Quand la valeur humaine se résume à un chiffre : Réflexion sur la cruauté de « Classroom of the Elite »
- 23 avr.
- 3 min de lecture

Salut, c'est Osamanga !
Avez-vous déjà ressenti ce sentiment de vide après avoir vu un projet, préparé avec tant de cœur, s'effondrer à cause d'une seule petite erreur ?
Ce moment où, malgré tous vos efforts, les résultats ne sont pas là. Ce moment où l'écart avec ceux qui « réussissent sans effort » vous laisse sans voix.
C’est une sensation de désarroi que nous avons tous connue un jour ou l'autre.
D'ailleurs, il y a une scène précise dans la saison 4 de l'anime *Classroom of the Elite* qui m'a profondément marqué.
La manière dont l'œuvre dépeint cette inégalité, avec une cruauté presque chirurgicale, résonne exactement avec ce sentiment.
Une règle implacable : quand tout devient « chiffre »
Dans cette école, il existe un mécanisme appelé le « Système S ».
Ici, les résultats de la classe se traduisent directement en « points » individuels, qui constituent la seule et unique monnaie de récompense.
Ce qui est terrifiant dans ce système, c'est sa volonté absolue de tout « quantifier ».
Ce que vous avez fait, l'énergie que vous avez déployée... tout cela n'a aucune importance. Seul le chiffre final, le nombre de points restants dans votre poche, raconte la vérité.
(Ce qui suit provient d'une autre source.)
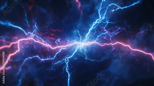 Obraz premium Blue and pink electric lighting, abstract electrical background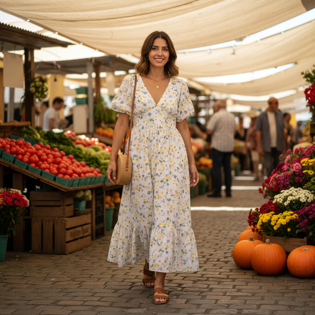 המודל (אישה), לבושה בשמלת מקסי קיצית מבד כותנה בהיר בהדפס פרחים עדין, סנדלי עור שטוחים ותיק קש קטן, משוטטת בשוק איכרים צבעוני באור יום שמשי, אווירה קלילה ושמחה.התמונה תכיל רק אדם אחד.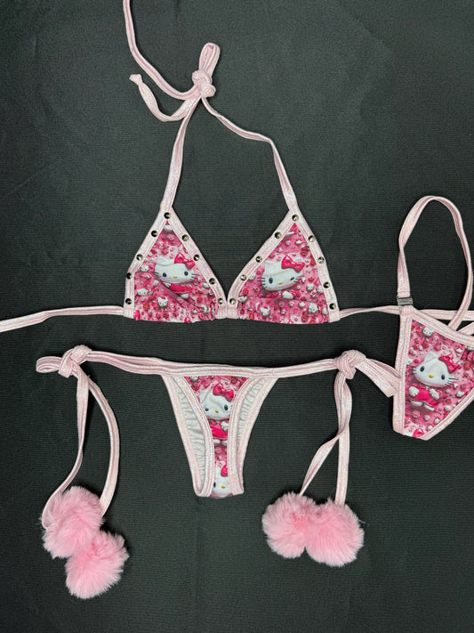 Pink/Hot Pink Kitty Two-Piece Micro Bikini Lingerie Outfit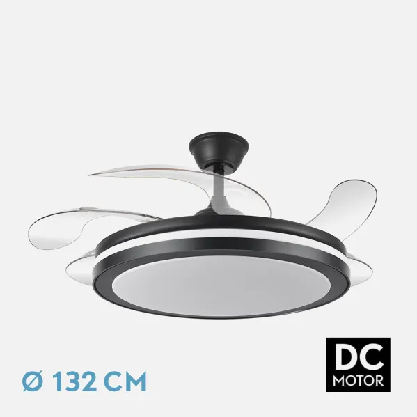 - Ventilador DC de la serie ESPARTA realizado en metal, policarbonato y ABS, en color BLANCO, NEGRO Y NIQUEL con tres aspas DESPLEGABLES de ABS transparente muy resistentes.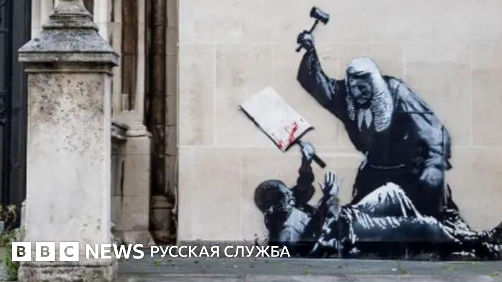 Новая работа Бэнкси — на этот раз на стене Королевского суда в Лондоне: судья избивает протестующего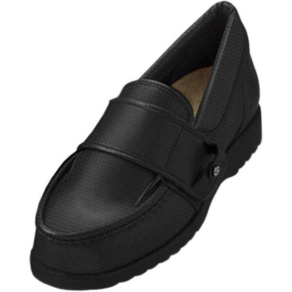 | 外出から冠婚葬祭まで対応できる、一見リハビリシューズとは分からないデザインが人気です。大きく履き込み口が開くので足入れがスムーズです。ベルトはご自分の足に合わせてしっかりと固定できるタイプです。またベルトには指をひっかけられるようになっているので、簡単に着脱ができるようになっています。足にぴったりと合うカップインソールは取り外しが可能で、包帯や小さめの装具をつけてもご使用いただけます。 |
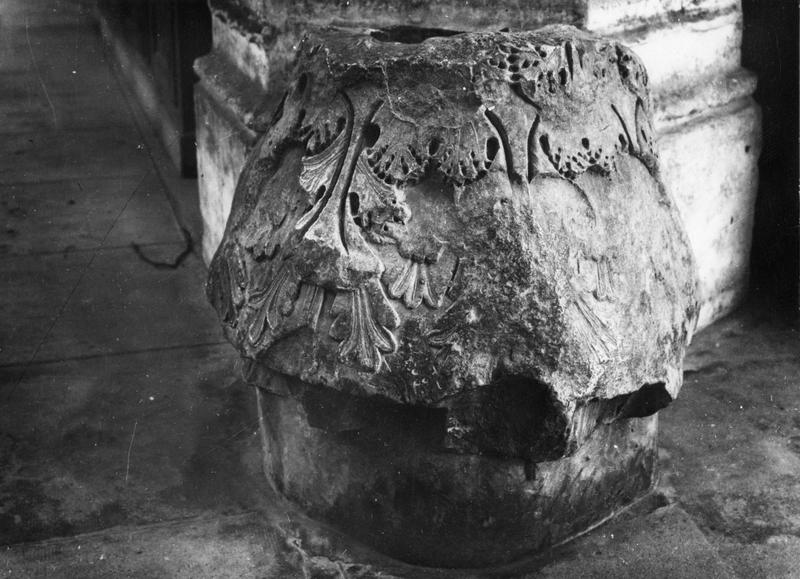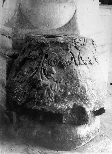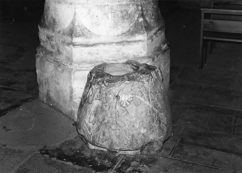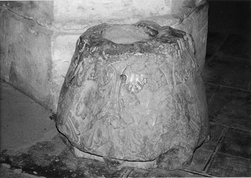 Bénitier en forme d'un chapiteau corinthien qui proviendrait peut être d'un temple d'époque gallo-romaine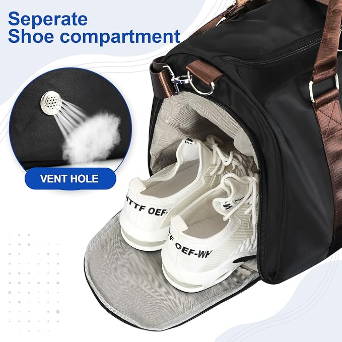 FIORETTO Womens Gym Tote Duffle Bag with Wet Pocket & Shoe Compartment, Sports Duffel Overnight Weekender Hospital Workout Carry on Bag for Girls, Ideal for Travel, Swimming, Dance, Ballet Black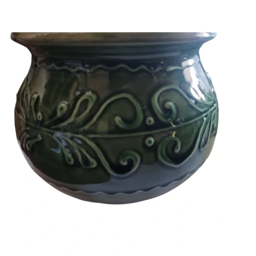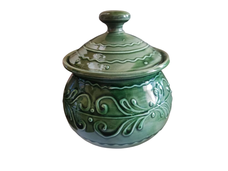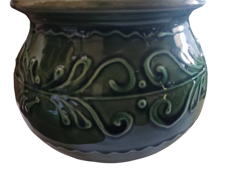 Gyönyörű zöld, mintás tároló, fedővel.
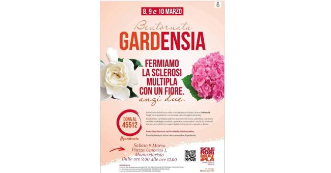 Per la festa della Donna, nelle principali piazze italiane, ritorna Gardensia. Scegli tra una gardenia e un'ortensia oppure sceglile entrambe. Grazie al tuo contributo potremo sostenere la ricerca scientifica su sclerosi multipla e patologie correlate e garantire e potenziare i servizi sul nostro territorio alle persone colpite, la maggior parte delle quali sono giovani e donne.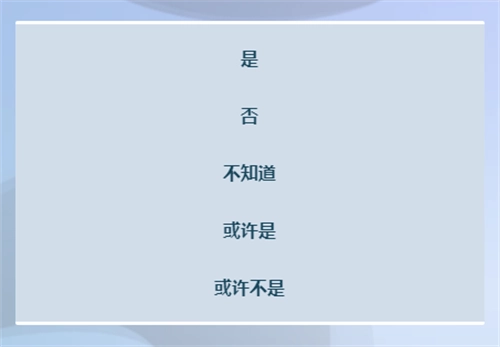 2、针对所有提问,仅需从固定的五个回答里挑选,这五个回答分别是:是、否、不知道、或许是、或许不是。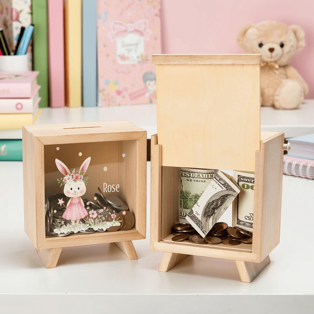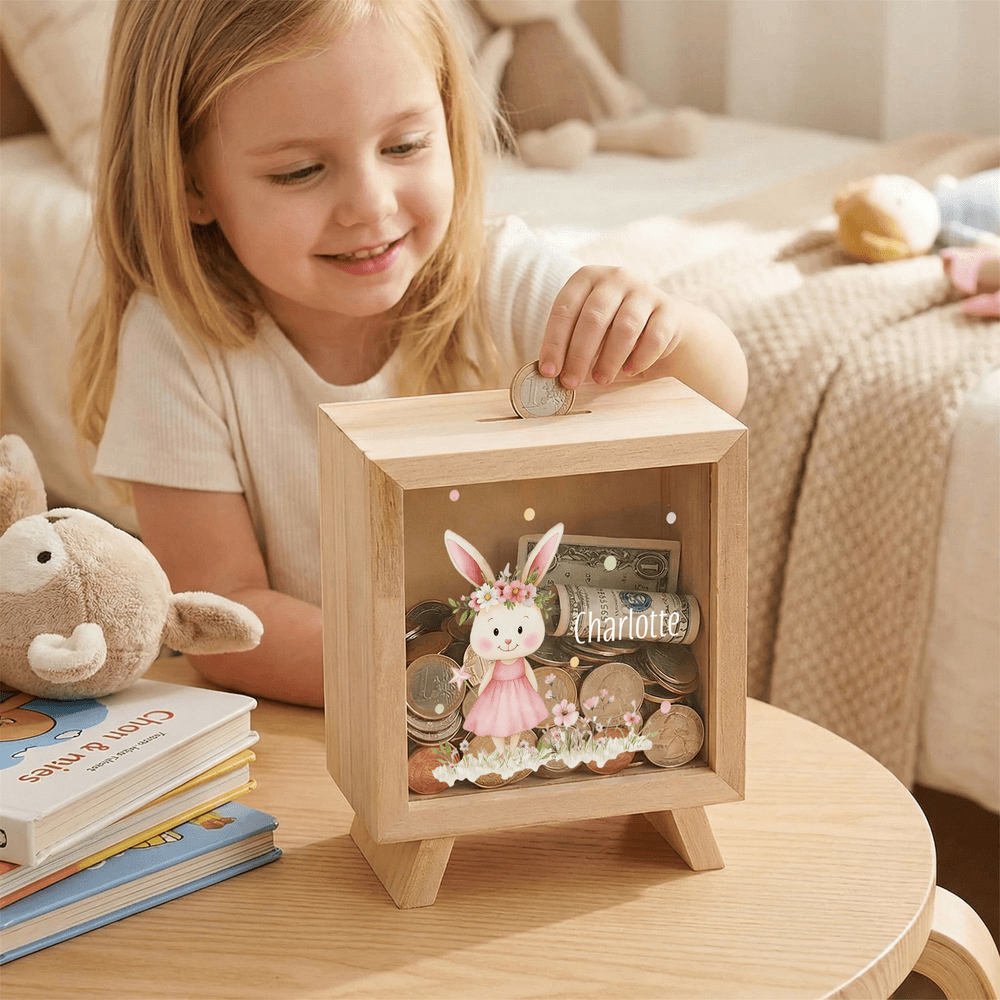This money bank features a charming floral bunny pattern paired with a customizable name, adding warmth and individuality to the special gift for children. With its soft colors and playful design, it brings a delightful decorative touch to a child's room or nursery.

Avec des points, vous accédez au luxe ; sans eux, votre survie même est menacée. Cette mécanique, où la valeur d'un individu est dictée par un simple indicateur numérique, insuffle une tension insoutenable au récit.
C'est assez effrayant, n'est-ce pas ? Se retrouver face à un chiffre qui affiche, de manière publique et incontestable, la mesure de ses propres efforts.
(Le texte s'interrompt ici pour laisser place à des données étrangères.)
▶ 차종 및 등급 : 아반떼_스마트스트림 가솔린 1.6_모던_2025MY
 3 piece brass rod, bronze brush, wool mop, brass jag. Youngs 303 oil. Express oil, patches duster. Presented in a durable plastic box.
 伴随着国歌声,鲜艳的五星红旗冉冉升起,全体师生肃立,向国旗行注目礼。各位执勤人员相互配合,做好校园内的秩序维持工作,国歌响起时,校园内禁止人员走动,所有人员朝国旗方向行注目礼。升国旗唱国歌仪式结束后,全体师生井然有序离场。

La chute des points : le visage brut de l'inégalité
Dans cette 4ème saison, une scène m'a particulièrement marqué : le moment où, suite à un examen, les points de la classe dégringolent de façon spectaculaire.
Voir ces chiffres s'effriter sous nos yeux, c'était presque physique ; j'en avais l'estomac noué.
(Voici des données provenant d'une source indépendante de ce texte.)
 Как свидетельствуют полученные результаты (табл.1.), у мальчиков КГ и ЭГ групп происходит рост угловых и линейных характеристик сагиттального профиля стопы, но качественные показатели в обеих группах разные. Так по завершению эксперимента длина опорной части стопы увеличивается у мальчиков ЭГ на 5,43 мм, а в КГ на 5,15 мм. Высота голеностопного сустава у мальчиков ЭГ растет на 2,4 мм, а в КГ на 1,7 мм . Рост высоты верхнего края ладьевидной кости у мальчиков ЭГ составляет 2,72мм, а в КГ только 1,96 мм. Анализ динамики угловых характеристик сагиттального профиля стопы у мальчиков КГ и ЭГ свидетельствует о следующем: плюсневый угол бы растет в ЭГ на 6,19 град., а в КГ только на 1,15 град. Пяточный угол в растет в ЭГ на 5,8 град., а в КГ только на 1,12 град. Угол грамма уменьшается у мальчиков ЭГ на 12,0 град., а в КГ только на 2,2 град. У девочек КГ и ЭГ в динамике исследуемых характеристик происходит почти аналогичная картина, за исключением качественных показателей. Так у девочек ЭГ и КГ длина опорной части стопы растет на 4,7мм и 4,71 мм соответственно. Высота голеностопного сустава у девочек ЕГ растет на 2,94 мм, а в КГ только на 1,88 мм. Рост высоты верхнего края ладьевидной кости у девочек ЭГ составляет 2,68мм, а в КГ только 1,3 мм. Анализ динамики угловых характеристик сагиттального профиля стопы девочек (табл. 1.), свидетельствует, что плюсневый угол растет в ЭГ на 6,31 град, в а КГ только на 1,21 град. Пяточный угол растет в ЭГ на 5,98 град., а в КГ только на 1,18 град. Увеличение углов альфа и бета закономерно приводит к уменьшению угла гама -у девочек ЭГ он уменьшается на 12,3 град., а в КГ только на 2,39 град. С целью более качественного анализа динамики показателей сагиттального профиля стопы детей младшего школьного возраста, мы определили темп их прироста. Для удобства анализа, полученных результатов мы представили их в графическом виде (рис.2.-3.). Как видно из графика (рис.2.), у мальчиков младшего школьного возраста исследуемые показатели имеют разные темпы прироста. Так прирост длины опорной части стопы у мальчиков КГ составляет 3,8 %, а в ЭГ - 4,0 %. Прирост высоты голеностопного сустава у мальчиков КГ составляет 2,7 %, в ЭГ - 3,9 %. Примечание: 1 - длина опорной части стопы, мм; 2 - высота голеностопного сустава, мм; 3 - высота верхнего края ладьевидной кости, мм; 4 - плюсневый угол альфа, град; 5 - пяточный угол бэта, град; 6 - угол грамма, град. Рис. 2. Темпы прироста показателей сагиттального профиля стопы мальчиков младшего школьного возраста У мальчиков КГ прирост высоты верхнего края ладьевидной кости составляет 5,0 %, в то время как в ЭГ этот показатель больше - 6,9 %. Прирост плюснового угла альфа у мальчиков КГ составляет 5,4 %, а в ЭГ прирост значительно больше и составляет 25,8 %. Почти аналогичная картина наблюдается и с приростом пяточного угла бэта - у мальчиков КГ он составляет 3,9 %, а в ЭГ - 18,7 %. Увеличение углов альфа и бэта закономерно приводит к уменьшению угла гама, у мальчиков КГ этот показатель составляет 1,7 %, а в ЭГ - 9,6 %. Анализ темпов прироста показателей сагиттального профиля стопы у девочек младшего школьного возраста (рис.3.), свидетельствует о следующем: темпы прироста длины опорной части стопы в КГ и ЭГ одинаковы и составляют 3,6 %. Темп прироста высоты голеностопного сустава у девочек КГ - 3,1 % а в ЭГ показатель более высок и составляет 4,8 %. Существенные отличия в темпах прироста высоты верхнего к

Ce n'était pas simplement une « défaite ».
La perte de points entraîne une réduction tangible des ressources et du statut de la classe. C'est cette sensation d'urgence, ce vertige que l'on ressent quand on voit le sol se dérober, comme si le sol de notre compte bancaire approchait dangereusement de zéro.
« Tous nos efforts sont devenus instantanément dénués de sens à cause de cette baisse de chiffres. » Le désespoir des personnages était palpable, presque viscéral.
Certains l'ont peut-être remarqué, mais ce n'est pas juste une question d'échec scolaire.
C'est le symbole d'une inégalité qui se fige : l'idée que l'écart de talent ou de stratégie peut mener directement à la perte de vos droits fondamentaux.
Le décalage entre effort et récompense
Ce système de points ne vous semble-t-il pas étrangement familier ?
On peut y voir un écho direct de nos systèmes d'évaluation en entreprise.
Peu importe le nombre d'heures supplémentaires ou la rigueur de votre préparation. Si le chiffre final — qu'il s'agisse du chiffre d'affaires ou des indicateurs clés (KPI) — n'est pas au rendez-vous, votre travail est invisible. Et la différence de traitement, comme le montant des primes, vient alors vous confronter brutalement à la réussite des autres.
« J'ai tant sacrifié, alors pourquoi cette personne obtient-elle une telle reconnaissance ? »
Face à l'écart numérique, on finit par douter de sa propre valeur. La chute des points dans le Système S semble porter cette angoisse à son paroxysme.
Comment accepter l'écart infranchissable ?
Le plus terrifiant dans cette œuvre, c'est que le processus luies-même n'est jamais valorisé.
Vos tâtonnements, vos essais, les sacrifices que vous avez faits pour la classe... tant que cela ne fait pas grimper le score, le système traite ces efforts comme s'ils n'avaient jamais existé.
Les notes, les classements, les statistiques... des chiffres incontournables qui figent votre position par comparaison constante avec vos pairs.
Le célèbre adage « le travail finit par payer » paraît soudain d'une fragilité déconcertante. L'œuvre projette cette vérité cruelle à travers le filtre froid et impitoyable des chiffres.
Face à l'absurdité de tels mécanismes, que pouvons-nous faire ?
La réponse m'échappe encore. Mais chaque fois que je revois ces points s'évaporer, je ne peux m'empêcher d'y réfléchir.